THings have become so difficult for them that they decide to go, of all places, back to Egypt, as if going to Egypt has ever turned out well for the people of God. But God calls to them through the prophet Jeremiah and says:

Thus says the Lord of hosts, the God of Israel: If you set your faces to enter Egypt and go to live there, then the sword that you fear shall overtake you there in the land of Egypt, and the famine of which you are afraid shall follow close after you to Egypt, and there you shall die. All the men who set their faces to go to Egypt to live there shall die by the sword, by famine, and by pestilence. They shall have no remnant or survivor from the disaster that I will bring upon them. For thus says the Lord of hosts, the God of Israel: As my anger and my wrath were poured out on the inhabitants of Jerusalem, so my wrath will be poured out on you when you go to Egypt. You shall become an execration, a horror, a curse, and a taunt. You shall see this place no more. The Lord has said to you, O remnant of Judah, ‘Do not go to Egypt.’
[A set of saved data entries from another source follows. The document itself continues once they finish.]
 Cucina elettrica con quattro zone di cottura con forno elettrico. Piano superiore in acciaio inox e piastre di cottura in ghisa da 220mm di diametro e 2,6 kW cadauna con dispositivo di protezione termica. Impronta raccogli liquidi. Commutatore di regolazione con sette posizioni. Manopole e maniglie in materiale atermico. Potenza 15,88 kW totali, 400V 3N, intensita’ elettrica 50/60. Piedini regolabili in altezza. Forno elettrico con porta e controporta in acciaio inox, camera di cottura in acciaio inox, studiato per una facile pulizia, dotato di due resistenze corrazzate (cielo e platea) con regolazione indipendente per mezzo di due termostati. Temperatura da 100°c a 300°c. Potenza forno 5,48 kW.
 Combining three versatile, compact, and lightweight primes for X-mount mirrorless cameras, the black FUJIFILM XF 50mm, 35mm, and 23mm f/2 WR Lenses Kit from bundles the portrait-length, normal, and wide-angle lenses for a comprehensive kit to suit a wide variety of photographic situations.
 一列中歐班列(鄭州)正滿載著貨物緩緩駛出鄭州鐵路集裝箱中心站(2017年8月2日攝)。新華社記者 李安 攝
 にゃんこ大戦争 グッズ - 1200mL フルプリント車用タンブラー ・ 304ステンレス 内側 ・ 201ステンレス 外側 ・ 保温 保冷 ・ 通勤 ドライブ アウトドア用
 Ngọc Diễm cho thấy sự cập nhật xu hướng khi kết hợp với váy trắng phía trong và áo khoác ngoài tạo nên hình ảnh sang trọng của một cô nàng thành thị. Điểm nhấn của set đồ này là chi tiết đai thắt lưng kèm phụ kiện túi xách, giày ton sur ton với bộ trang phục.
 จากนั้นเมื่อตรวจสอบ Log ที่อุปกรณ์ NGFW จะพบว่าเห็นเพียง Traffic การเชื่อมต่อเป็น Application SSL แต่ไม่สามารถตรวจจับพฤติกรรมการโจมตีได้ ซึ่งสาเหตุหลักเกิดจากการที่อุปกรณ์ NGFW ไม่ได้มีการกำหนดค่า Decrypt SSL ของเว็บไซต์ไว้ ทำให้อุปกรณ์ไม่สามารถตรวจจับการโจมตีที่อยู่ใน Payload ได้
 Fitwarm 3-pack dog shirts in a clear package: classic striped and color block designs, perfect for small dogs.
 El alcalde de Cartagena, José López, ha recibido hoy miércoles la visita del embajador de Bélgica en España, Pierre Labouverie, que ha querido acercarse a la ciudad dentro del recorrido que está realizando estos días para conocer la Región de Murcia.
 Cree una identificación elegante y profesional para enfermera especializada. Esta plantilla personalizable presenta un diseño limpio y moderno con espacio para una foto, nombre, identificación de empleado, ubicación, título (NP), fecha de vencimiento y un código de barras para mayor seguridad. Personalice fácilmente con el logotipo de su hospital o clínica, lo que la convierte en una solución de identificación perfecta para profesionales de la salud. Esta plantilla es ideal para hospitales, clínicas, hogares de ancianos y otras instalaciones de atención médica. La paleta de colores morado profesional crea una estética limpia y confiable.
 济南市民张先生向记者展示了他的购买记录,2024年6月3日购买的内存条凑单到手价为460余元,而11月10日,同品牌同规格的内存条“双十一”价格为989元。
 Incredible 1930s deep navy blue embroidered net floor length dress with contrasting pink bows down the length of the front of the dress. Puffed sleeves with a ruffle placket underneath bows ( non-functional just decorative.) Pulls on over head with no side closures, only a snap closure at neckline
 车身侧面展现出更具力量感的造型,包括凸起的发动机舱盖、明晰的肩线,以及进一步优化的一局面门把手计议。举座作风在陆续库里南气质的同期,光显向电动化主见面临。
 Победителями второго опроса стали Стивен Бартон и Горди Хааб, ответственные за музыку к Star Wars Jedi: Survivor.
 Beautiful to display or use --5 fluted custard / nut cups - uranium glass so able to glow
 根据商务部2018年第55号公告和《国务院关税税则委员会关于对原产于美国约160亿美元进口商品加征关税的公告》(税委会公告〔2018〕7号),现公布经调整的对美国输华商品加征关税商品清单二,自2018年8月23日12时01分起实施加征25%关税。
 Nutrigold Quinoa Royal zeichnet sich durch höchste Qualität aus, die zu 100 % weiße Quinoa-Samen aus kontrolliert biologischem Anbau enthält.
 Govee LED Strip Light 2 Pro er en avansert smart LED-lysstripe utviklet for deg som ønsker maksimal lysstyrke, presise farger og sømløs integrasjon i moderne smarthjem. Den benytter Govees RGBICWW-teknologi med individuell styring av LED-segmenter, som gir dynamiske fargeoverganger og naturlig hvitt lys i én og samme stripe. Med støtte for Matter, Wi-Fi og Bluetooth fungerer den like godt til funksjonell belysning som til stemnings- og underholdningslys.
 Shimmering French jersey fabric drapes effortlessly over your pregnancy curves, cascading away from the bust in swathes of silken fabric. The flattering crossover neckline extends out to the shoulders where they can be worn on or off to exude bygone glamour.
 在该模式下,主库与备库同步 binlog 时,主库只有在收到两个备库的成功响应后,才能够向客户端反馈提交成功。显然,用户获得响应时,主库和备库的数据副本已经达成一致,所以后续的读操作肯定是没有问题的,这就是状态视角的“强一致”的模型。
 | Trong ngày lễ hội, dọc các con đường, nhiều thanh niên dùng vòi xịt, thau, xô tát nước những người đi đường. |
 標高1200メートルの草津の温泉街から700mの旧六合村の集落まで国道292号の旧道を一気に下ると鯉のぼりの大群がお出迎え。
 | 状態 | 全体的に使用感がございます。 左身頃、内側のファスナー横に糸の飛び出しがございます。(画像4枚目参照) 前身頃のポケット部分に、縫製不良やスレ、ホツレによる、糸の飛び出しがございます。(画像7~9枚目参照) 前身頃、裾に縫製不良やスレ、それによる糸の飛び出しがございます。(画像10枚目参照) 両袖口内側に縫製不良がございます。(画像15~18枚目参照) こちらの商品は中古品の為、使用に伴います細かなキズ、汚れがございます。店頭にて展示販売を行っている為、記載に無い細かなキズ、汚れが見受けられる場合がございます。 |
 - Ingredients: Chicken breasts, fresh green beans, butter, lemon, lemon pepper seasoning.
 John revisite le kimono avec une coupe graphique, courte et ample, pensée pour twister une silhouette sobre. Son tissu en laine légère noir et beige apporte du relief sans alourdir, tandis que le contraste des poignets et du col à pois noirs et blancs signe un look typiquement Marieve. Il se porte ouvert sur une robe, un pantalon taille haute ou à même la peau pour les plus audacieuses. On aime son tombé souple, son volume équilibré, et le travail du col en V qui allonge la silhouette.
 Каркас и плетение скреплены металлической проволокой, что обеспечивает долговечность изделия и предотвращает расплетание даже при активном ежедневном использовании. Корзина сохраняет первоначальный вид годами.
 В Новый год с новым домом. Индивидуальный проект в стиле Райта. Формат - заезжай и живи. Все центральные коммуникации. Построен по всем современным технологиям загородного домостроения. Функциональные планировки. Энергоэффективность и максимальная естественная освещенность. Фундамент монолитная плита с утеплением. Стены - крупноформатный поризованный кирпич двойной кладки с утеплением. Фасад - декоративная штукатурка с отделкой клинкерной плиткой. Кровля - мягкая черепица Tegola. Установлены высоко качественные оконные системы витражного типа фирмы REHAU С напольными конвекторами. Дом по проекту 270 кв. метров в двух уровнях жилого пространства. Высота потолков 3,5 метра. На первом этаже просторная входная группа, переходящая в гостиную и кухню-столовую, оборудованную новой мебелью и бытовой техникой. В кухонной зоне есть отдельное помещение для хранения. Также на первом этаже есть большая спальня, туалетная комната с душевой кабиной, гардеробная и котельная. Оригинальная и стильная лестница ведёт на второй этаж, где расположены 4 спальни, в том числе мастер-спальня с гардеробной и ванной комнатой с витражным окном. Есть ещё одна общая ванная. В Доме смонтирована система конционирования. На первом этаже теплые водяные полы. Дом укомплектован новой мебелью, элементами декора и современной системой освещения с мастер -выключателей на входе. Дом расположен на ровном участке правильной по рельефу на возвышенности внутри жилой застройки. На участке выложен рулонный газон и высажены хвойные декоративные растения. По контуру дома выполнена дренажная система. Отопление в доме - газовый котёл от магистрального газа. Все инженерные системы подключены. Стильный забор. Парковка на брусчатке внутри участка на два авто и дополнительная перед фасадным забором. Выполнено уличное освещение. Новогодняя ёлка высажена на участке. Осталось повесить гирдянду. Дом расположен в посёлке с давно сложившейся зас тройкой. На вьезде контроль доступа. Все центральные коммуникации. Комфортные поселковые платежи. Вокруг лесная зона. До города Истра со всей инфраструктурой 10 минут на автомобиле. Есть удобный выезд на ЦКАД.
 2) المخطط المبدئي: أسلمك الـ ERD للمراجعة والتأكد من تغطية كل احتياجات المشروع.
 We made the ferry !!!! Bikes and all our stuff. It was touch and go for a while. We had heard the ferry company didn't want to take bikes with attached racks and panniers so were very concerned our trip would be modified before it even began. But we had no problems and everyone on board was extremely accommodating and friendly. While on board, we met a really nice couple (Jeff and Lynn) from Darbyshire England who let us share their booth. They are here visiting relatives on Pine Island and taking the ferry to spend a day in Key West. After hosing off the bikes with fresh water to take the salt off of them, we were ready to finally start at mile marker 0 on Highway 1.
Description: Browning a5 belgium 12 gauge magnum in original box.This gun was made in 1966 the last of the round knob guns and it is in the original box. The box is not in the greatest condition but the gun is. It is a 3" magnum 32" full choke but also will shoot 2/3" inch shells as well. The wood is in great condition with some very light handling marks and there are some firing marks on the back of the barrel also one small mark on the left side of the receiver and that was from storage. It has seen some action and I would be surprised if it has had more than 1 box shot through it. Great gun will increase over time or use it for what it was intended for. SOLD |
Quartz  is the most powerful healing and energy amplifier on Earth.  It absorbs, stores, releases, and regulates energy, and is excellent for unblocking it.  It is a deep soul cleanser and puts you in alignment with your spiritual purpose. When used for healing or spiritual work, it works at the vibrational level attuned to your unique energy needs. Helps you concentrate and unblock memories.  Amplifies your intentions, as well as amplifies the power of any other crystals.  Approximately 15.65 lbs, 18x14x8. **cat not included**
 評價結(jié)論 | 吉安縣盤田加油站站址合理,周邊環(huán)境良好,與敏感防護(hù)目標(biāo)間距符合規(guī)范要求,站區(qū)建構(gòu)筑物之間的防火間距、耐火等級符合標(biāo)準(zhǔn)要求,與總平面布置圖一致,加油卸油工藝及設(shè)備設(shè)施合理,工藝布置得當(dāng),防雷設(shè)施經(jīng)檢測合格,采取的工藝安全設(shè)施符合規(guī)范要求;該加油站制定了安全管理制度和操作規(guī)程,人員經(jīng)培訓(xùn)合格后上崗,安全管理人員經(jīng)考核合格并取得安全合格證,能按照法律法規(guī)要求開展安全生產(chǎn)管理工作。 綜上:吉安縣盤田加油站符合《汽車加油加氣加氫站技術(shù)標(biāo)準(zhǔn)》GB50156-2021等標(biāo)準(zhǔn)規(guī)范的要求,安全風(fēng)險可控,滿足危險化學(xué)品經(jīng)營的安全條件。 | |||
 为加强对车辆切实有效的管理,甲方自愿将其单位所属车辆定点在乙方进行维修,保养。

The word of the Lord is clear, “Do not go to Egypt.” But why have I titled this post “How Far Is Too Far?” Because God has shown through the mouth of Jeremiah that there is no place to which the judgment of God cannot go. The people of Judah suffered under the consequences of their own sin while they remained in Jerusalem, and moving to Egypt will not change a thing.

Nowhere is too far for the arm of the Lord to reach.

A few weeks ago, I wrote a post about the long arms of the Lord. His arms are not to short to save. But the reverse is true as well. His arms are not too short to judge. And He will judge all those who run from Him.

Our only recourse is to run to Him. Running toward God is the only way to ensure our safety from His wrath against sin. You see, The people of Judah went down to Egypt anyway, so God sent Nebuchadnezzar to conquer Egypt as well. They could not get away from God’s judgment because they were continually unwilling to turn toward Him.

We must learn from their folly. That’s the whole reason why this is in the Bible in the first place, that we might see the seriousness of our rebellion against God and the comfort that He brings if we turn toward Him. Do not run from Him, because there is no where to far for Him to reach. Run to God, for there is nowhere safer than under the shadow of His wings.